Aside from Lardner's marvelously backhanded characterization and his perfectly captured dialect (which sparkles even today, nearly a hundred years later) he gives us a fantastic glimpse into the golden years of baseball, the days of Cobb, McGraw, Kid Gleason and Eddie Collins, the latter in their prelapsarian days, before the Black Sox scandal forever marred their names. Players far savvier than Keefe play on the Busher's ignorance, playing the sort of psychological games Cobb made famous, praising his fastball and swelling his head before he takes the mound, or playing pranks on him off the field.
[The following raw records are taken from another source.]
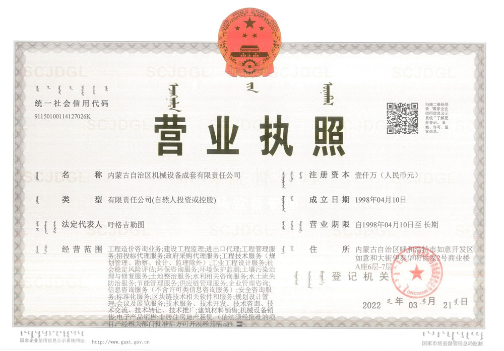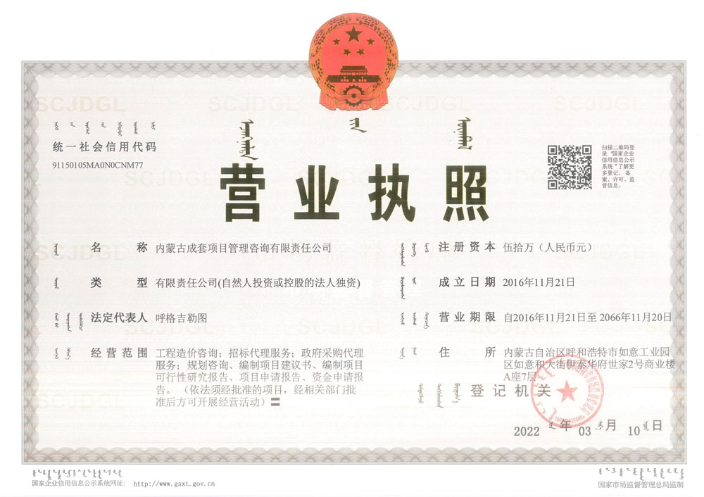 內(nèi)蒙古成套項(xiàng)目管理咨詢有限責(zé)任公司營業(yè)執(zhí)照
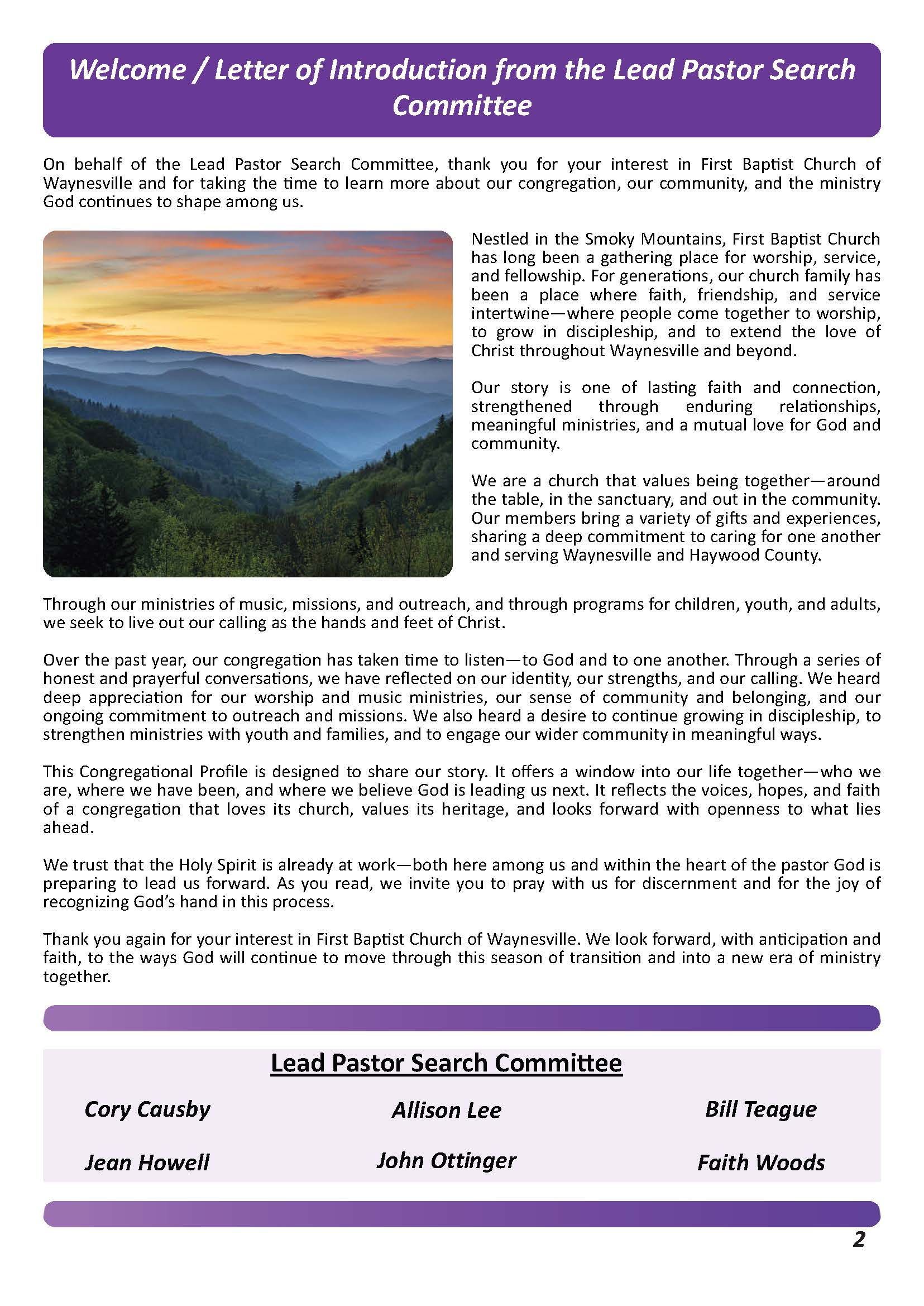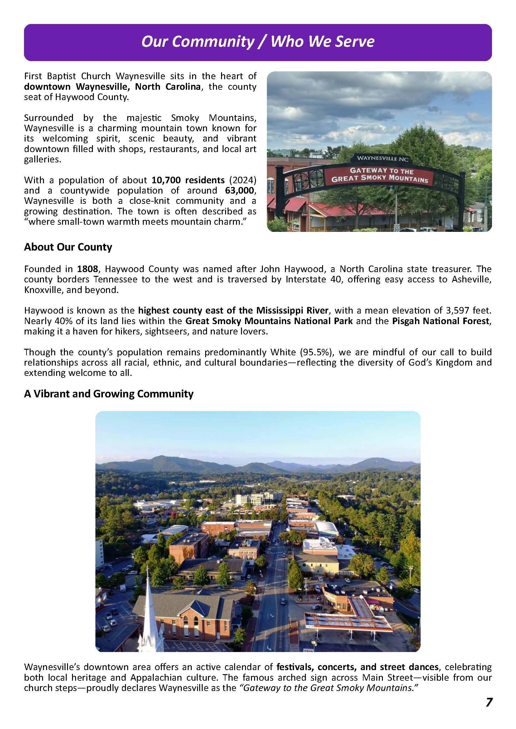 Click here to download the FBC Waynesville Church Profile.
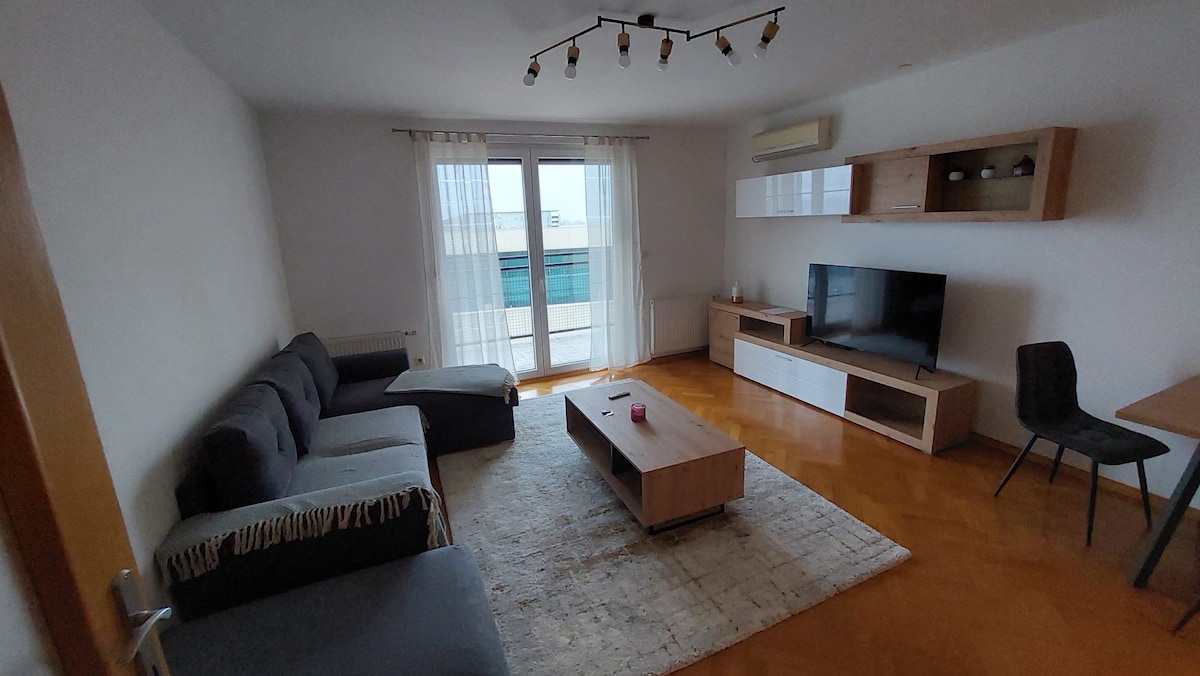 Enjoy a stylish experience at this industrial apartment located in the center of the city next to main square, bank of river Sava and historical fortress. View from the 9th floor (and one small balcony) overlooking city biggest park is also included. And some other perks as well.
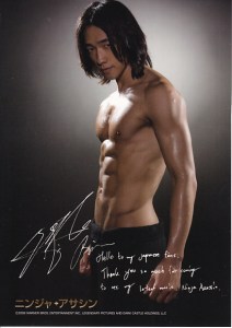 We’re used to seeing him sign things in Hangul, but not in a lot of English, so this is very cool. As we understand it, Rain signed this poster for promotional purposes in Shinjuku, Japan—Ninja Assassin opens in theaters there today. ^@@^
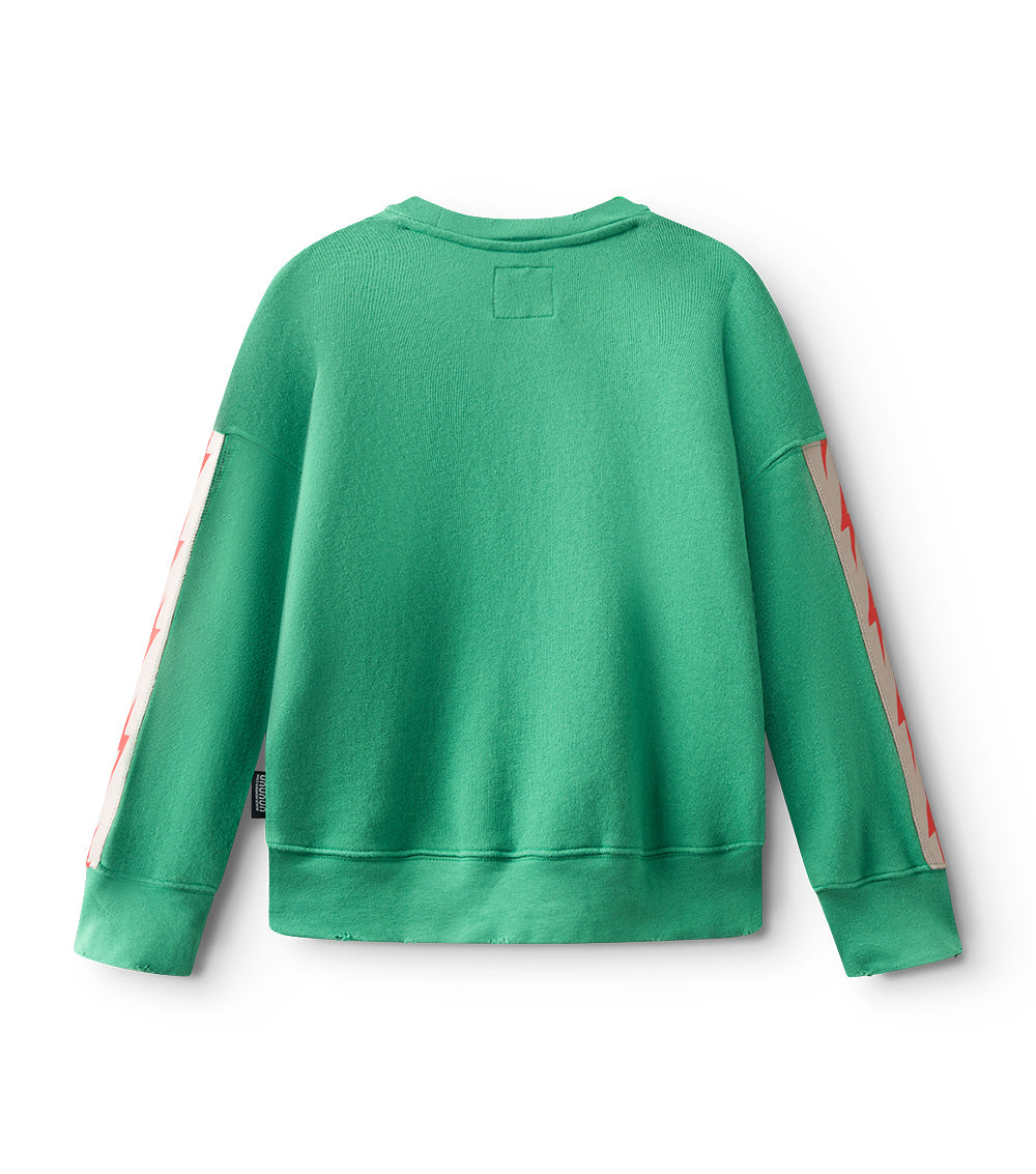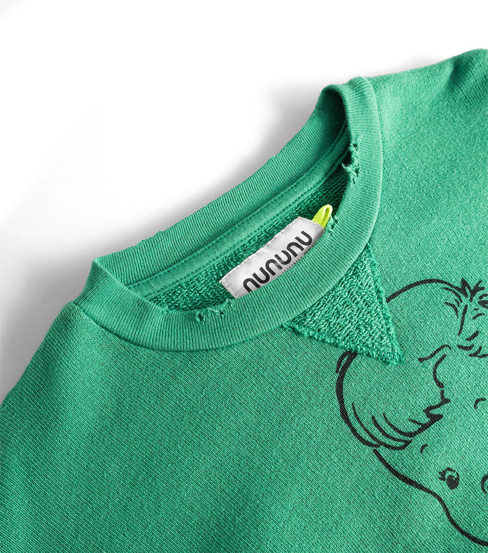 who knew a sweatshirt could silently scream the concept of world takeover and somehow still do it in a positive way? well this global kid print manages to do it all. it’s a classic nununu gender neutral sweatshirt in a super cool moss green color. a kid holds the world right on the front and right underneath it says one way in a street inspired font. because the kid wearing this piece clearly has no fear of revealing their master plan. to crank up the bold factor, grey ribbon details run up each side of the sleeves with little red lightning bolts warning of an impending strike. to edge it up even more there’s a bit of a higher hemline on the front, plus it has custom deconstruction all around. and of course, cool kid thumbholes. made of the coziest french terry, it’s the perfect look for acting innocent while making trouble.
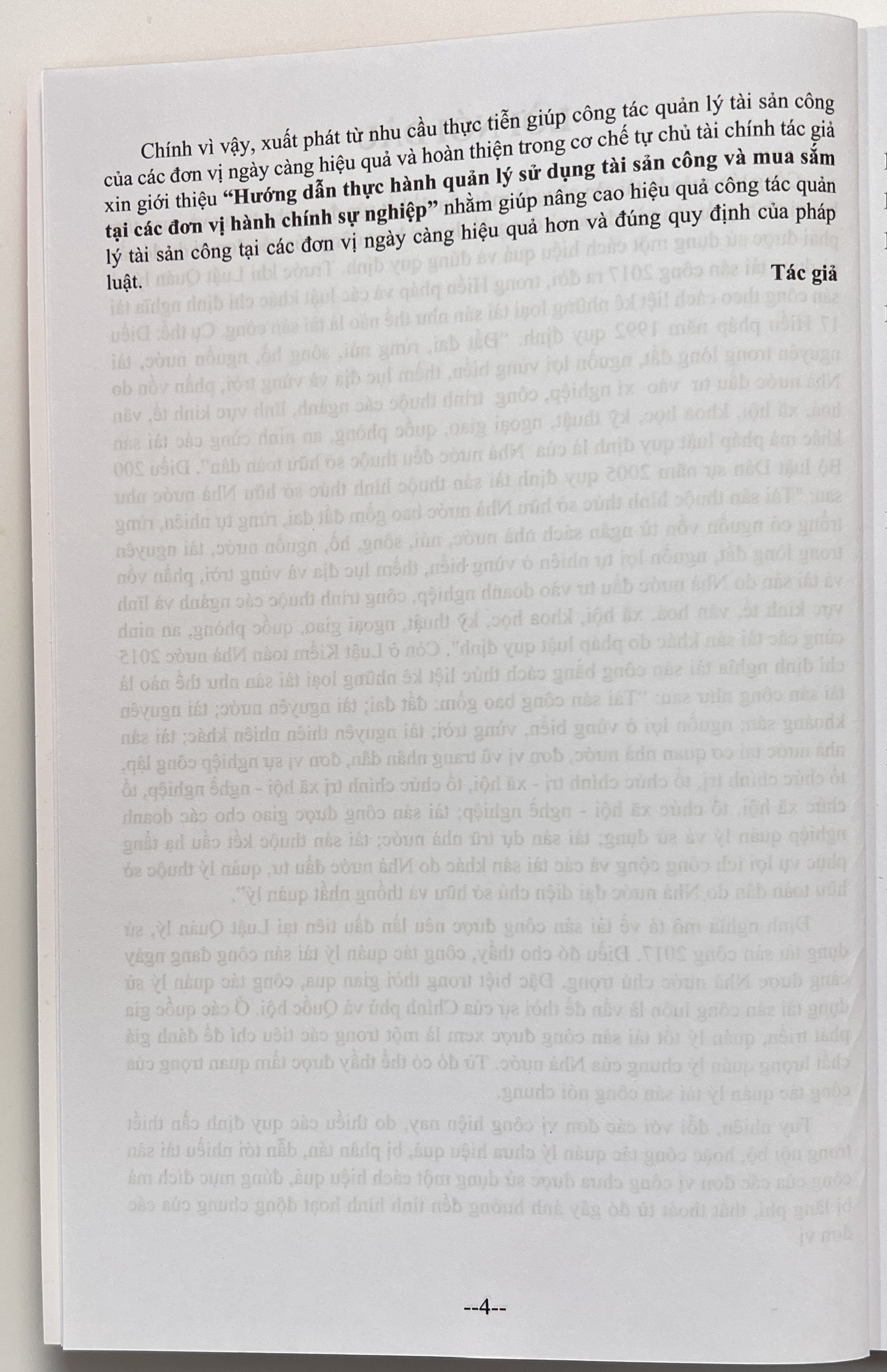 Chính vì vậy, xuất phát từ nhu cầu thực tiễn giúp công tác quản lý tài sản công của các đơn vị ngày càng hiệu quả và hoàn thiện trong cơ chê tự chủ tài chính tác giả xin giới thiệu "Hướng dẫn thực hành quản lý sử dụng tài sản công và mua sắm tại các đơn vị hành chính sự nghiệp" nhằm giúp nâng cao hiệu quả công tác quản lý tài sản công tại các đơn vị ngày càng hiệu quả hơn và đúng quy định của pháp luật.

Since Keefe is so ignorant, he reports these moments with the innocence and naivete of a child, making them even clearer in the retelling.

The hardest thing that Lardner does is to make such a boastful and ignorant narrator so sympathetic. He does this, of course, by putting the Busher through hard times, as he fights for a spot on the roster or blusters his way out of his next year's contract. His handling of women is simply awful, and he seems to regard marriage as lightly as he does the mighty players he faces on the field, bouncing back and forth between two women clearly bent on manipulating him to their own ends. He repudiates one before joyously taking her back a few weeks later, showing that his childlike simplicity, enthusiasm and gullibility extend even off the field.

We should expect little development from Jack, however, as You Know Me Al is so obviously a comic novel, Lardner's protests aside. The fun is in the jokes and the silly situations that the Busher gets himself into, and not in tearfully watching the little fella grow up. No less than Virginia Woolf and H.L. Mencken have sung the praises of You Know Me Al, and I add my small voice to their chorus. I have taught this book in a fiction class, as an example of a horribly unreliable narrator and the beautiful uses of irony and dialect, and it has always been well received, even by non-sports fans. Baseball fans in particular will devour this wonderful little book and crave more from the masterful typewriter of Ring Lardner.